A 71-year-old man presented low back pain lasting for 2 months. Imaging studies revealed one osteolytic lesion in the spine lumbar 4 vertebral body and another one on the left iliac bone. Biopsies of the L4 and left iliac bone lesions revealed epithelioid tumor cells with clear cytoplasm and oval nuclei in a delicate vascular stroma, and IHC analysis showed positive reactivity to CK, PAX8, CD10 and CA-IX, and negativity to NKX3.1, p63, CK7, and AMACR, compatible with the pathologic diagnosis of metastatic clear cell renal cell carcinoma.

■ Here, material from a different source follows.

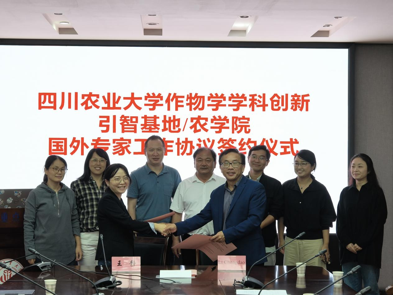 报告结束后,农学院院长王静教授代表四川农业大学作物学学科创新引智基地与李承道教授签署了国外专家工作协议。此次合作将进一步拓展四川农业大学在作物学科研与人才培养方面的国际视野,为我校作物学学科建设与国际科研合作注入新动力。

The patient underwent PET/CT revealed no other lesions in addition to the two bone metastases. Laboratory data, including hemoglobin, corrected calcium, neutrophil counts, and platelets, were all within normal limits, and Karnofsky performance score was 100%. MRI showed no tumor in the bilateral kidneys. According to the IMDC classification, the patient received systemic therapy with cabozantinib 40 mg daily from September 2022 until the present. In addition, palliative intensity modulated radiation therapy to L4 spine and left iliac bone metastases for 36Gy/12Fr. Now the patient has remained stable for 6 months

Conclusion: Our case demonstrated two cases of metastatic renal cell carcinoma without primary tumor treated with a combination of immunotherapy and tyrosine kinase inhibitor. More studies will be warranted to determine the efficacy of combination therapy in metastatic RCC without primary origin.